» Supplied material
■ ■ ■
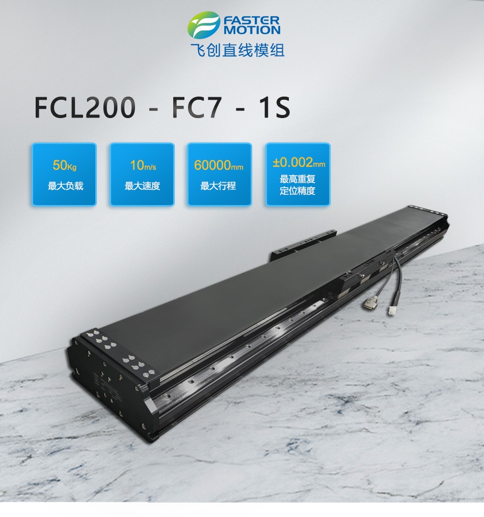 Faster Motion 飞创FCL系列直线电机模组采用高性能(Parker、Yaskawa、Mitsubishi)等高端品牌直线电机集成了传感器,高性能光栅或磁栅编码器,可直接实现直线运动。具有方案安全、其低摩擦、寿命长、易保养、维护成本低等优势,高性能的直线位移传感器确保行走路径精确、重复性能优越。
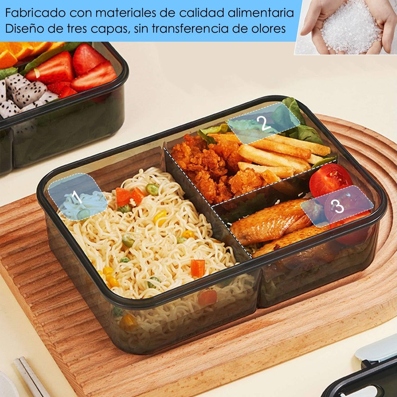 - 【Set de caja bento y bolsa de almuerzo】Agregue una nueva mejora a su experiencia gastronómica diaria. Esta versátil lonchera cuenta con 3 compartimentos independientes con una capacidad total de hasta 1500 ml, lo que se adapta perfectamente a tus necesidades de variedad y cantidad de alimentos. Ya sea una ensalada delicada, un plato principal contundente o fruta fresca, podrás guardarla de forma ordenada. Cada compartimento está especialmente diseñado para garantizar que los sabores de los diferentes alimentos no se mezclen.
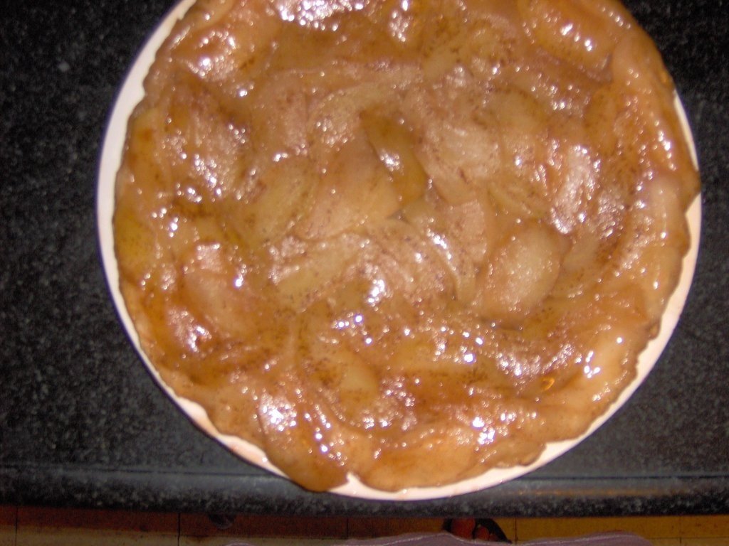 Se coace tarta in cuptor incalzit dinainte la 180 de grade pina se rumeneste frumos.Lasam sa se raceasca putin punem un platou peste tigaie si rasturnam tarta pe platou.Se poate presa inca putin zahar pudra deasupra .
■ ■ ■
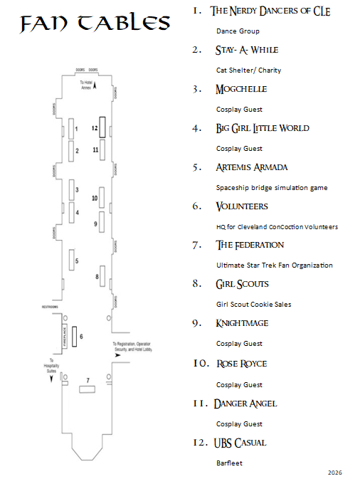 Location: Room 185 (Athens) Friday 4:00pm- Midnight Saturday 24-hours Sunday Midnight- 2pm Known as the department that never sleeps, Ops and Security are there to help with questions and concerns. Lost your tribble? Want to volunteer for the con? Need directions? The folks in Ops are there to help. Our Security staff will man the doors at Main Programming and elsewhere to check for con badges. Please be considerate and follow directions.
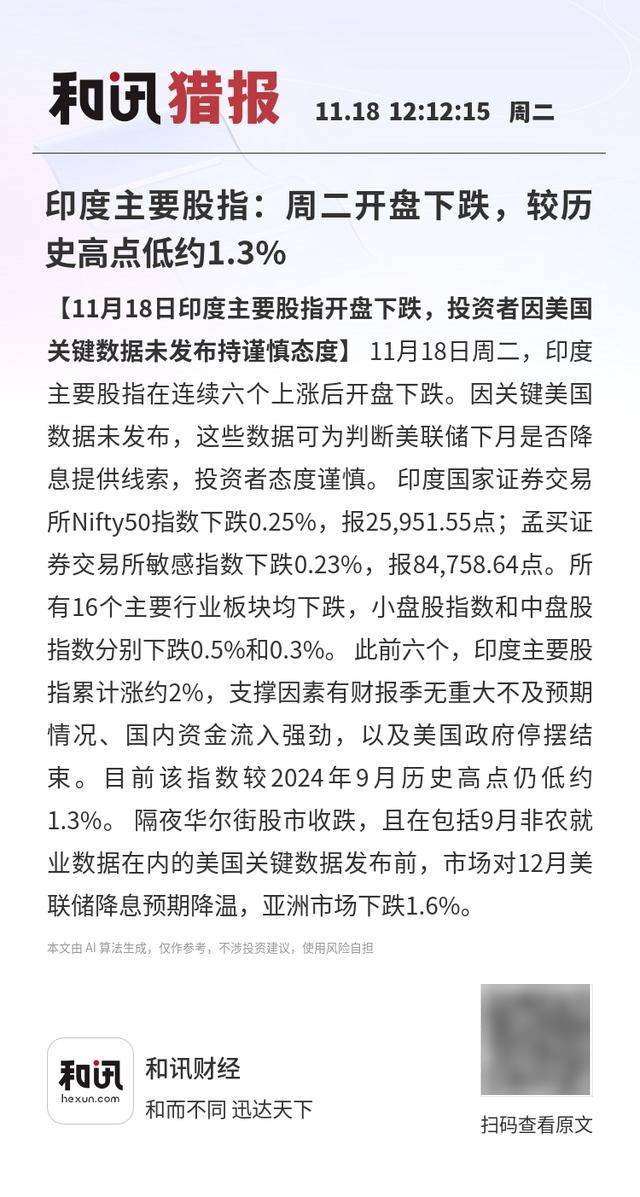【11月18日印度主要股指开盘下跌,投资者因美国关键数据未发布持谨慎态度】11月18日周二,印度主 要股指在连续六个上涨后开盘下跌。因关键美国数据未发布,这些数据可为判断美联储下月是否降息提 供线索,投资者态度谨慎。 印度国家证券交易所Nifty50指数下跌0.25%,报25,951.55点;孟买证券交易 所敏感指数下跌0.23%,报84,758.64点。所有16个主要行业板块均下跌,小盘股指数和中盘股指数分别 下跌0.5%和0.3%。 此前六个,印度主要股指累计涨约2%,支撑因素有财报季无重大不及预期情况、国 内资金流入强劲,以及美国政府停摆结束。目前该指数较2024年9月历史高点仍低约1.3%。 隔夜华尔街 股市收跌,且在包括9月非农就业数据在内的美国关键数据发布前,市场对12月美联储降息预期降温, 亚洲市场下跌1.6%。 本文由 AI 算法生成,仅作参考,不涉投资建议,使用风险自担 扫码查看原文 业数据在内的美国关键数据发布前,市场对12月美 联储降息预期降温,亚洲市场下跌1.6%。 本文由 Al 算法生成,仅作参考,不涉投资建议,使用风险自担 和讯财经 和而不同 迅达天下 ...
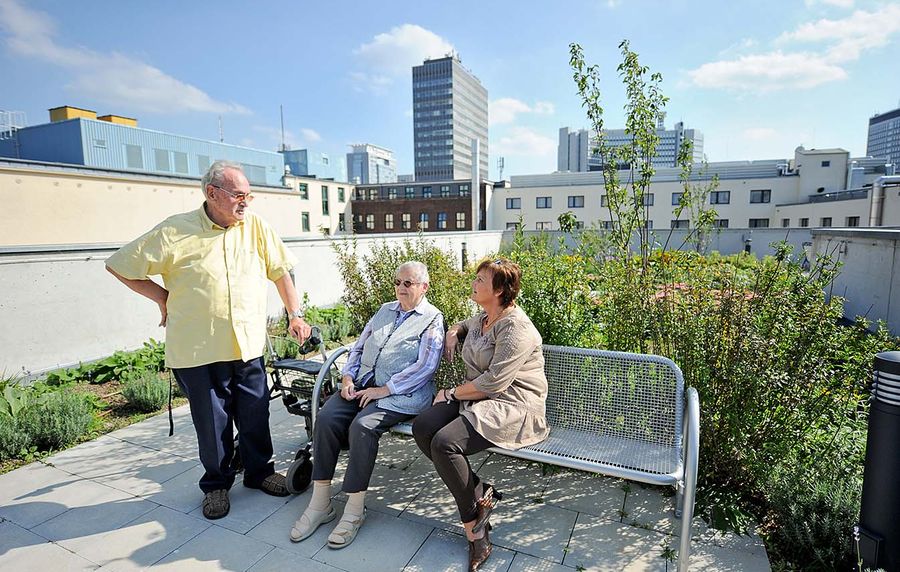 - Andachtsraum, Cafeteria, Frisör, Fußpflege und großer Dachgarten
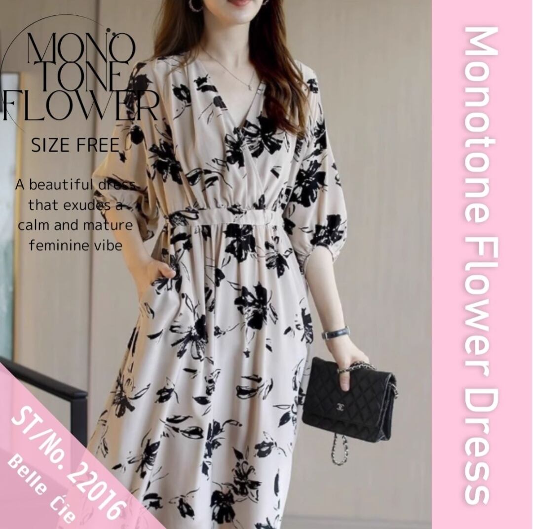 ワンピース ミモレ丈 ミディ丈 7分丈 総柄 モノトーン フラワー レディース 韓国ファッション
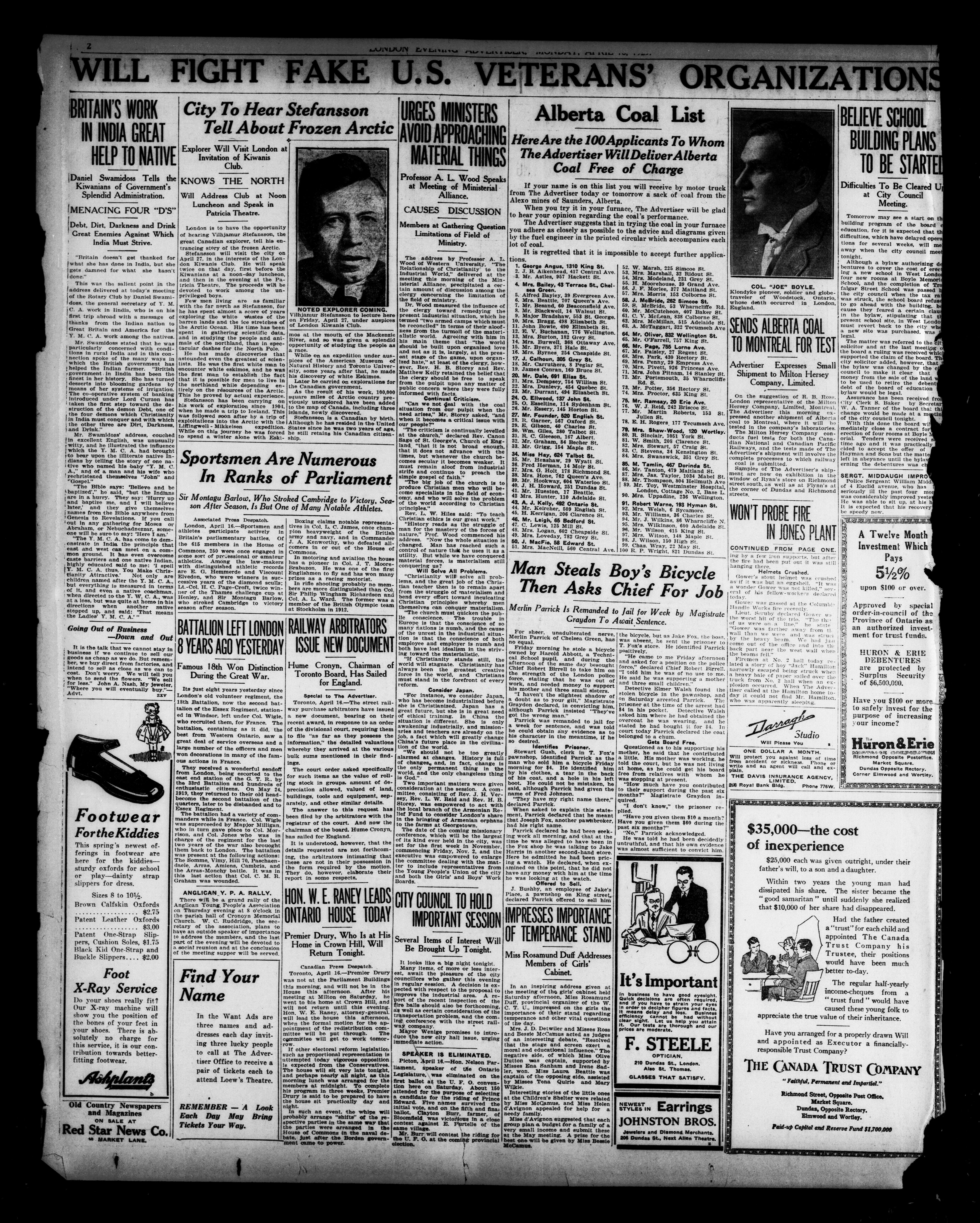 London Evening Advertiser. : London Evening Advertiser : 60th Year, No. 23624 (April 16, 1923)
■ ■ ■
» Task to carry out
Using the entries above, repeat exactly the lines from the one with "ワンピース ミモレ丈 ミディ丈" to the one with "London Evening Advertiser.", both included, and leave the pictures behind.

» Result of the task
 ワンピース ミモレ丈 ミディ丈 7分丈 総柄 モノトーン フラワー レディース 韓国ファッション
 London Evening Advertiser. : London Evening Advertiser : 60th Year, No. 23624 (April 16, 1923)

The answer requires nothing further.